A boolean array is created by applying a comparison to an existing array:

```python
mask = year > 1990          # array of True/False: True wherever year > 1990
year[mask]                  # returns only the years greater than 1990
transistor_count[mask]      # the same mask applied to a different array
```

The mask and the array being indexed must have the same shape.

Create a boolean mask for entries where `year > 1980`. Apply it to both `year` and `transistor_count` to produce two filtered arrays. Print the first 5 values of each to verify.

In [None]:
# Create a boolean mask for year > 1980; apply it to year and transistor_count;
# print the first 5 values of each filtered array


---

## Part 10: Histogram of New Chips per Year

Use your filtered data to visualize how the number of new chip introductions has changed since 1980. Each row in the dataset represents one chip, so the number of rows with a given year equals the number of chips introduced that year — exactly what a histogram will count.

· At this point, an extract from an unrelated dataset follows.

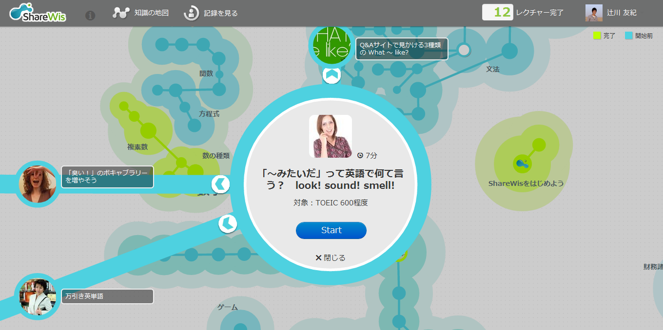 弊社は、動画や4択問題等から成る、短い学習コンテンツ同士がネットワーク状につながった「知識の地図」を特徴とする、社会人向けの無料の学習サイトShareWis(URL: http://share-wis.com)を運営しております。

Since `year` contains only integer values, setting the number of histogram bins equal to the number of **unique years** in your filtered data will give you one bar per year. One option is to use `np.unique` to find the unique years, then pass `bins=len(unique_years)` to `plt.hist()`. But you can also mess around with the arguments of `plt.hist()` to get the same effect without explicitly counting unique years.

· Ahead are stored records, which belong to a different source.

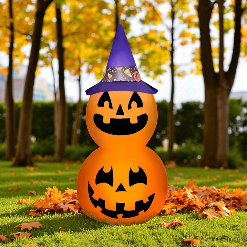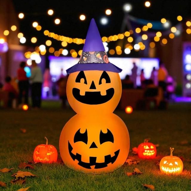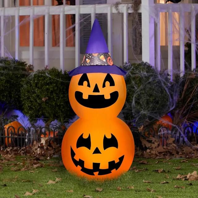 六分埔禮品充氣佈置-兩隻小南瓜帶巫婆帽-110V(電動充氣裝飾店面佈置萬聖節派對)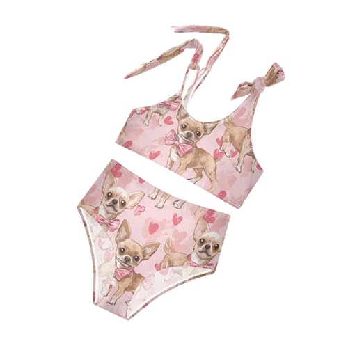 Wusikd Chihuahuas Girls Swimsuits Two Piece Pink Heart Swimwear Bikini Set for for Girls Size 3T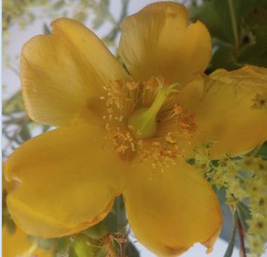 Der kleine Strauch (?) mit den gelben Blüten ist mir unbekannt,

Create the histogram using `plt.hist()`, and appropriate axis labels and title.

In [None]:
# Histogram of chip introductions per year (post-1980 only)
# Set bins = number of unique years in the filtered data


---

## ADVANCED moves:
- The default font size and colors in Matplotlib are not great for presentations. Can you find a way to make your plots look nicer by increasing font sizes and choosing good colors? This can be as simple as updating some of the keywords in your plotting code, or you can explore Matplotlib's styling options to find a pre-made style you like. The [Matplotlib documentation on customizing plots](https://matplotlib.org/stable/tutorials/introductory/customizing.html) is a good place to start.
- What if you want to show your plot of Moore's law and the histogram of chip introductions side by side? Can you use Matplotlib's `plt.subplot()` to create a figure with two subplots, and put one plot in each?